不文律とは何か

 「ウォー・ギルト・インフォメーション・プログラム」は、言ってみれば大衆向けの心理操作でしたが、戦争を遂行・指導した軍人・政治家・官僚・財界人等について占領軍はどう対処したのでしょうか。もちろん東京裁判に向けて110人の日本人が巣鴨プリズンに収容された他、公職追放を受けた大勢の者たちがいたのですが、彼らのほとんどがその後復帰し戦後社会の指導者になっていったことは、「時代区分への壊疑」でも検証してきたところです。A級戦犯(容疑者)や公職追放を受けた者たちは、復帰する間にあるいは公職追放を解除される前に、どこかで"悔悛の情"を示したのでしょうか。こう考えるのも、前節で述べたような"徹底した洗脳"を意図していた占領軍が、"確信犯"に近い指導層を何故短期間で"赦免"したのかが不明だからです。
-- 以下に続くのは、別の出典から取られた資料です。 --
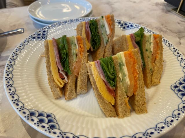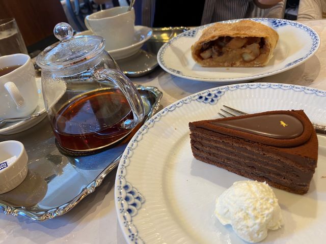 モーツァルトトルテは濃厚なチョコレートがモーツァルトブレンドティーととてもよく合い、美味しかった~!そしてそして、サーモンやクリームチーズが入っているライ麦パンのサンドイッチがこれまた美味しく、甘いものだけでなく、こっちも頼んでよかったね~と言い合ってパクパクと美味しく頂きました。アップルシュトゥルーデルが結構ずっしりと(そして甘め)量もあったので(ケーキもシェアしました)、かなり満腹になり、大満足のブランチとなりました。

 この疑問に答えてくれるのが、何故A級戦犯(容疑者)が「その後むしろ戦後社会で政・財界などの頂点に立って、日本の進路を決めた人物」になっていくことが可能だったのかを解明することであり、その過程で戦後史の謎が解けていくと保坂は述べています。

 アメリカを中心とする国連軍が日本占領に取りかかった直後から始まった戦犯容疑者の逮捕出頭後、1946年5月の東京裁判開始時点までに巣鴨に収容されたA級戦犯容疑者は110人だったとされています。そして約2年半の審理の中で有罪が言い渡されたのが28人、うち東條以下7名が死刑・16名が終身禁固・2名が7年と20年の禁固、大川周明他3名は免訴もしくは病死という判決が1948年11月に出されます。残り82人のA級戦犯容疑者は次々と釈放され、最後まで残った19名が12月24日釈放されたことで東京裁判は終結します(その前日に死刑囚7名の絞首刑が行われた)。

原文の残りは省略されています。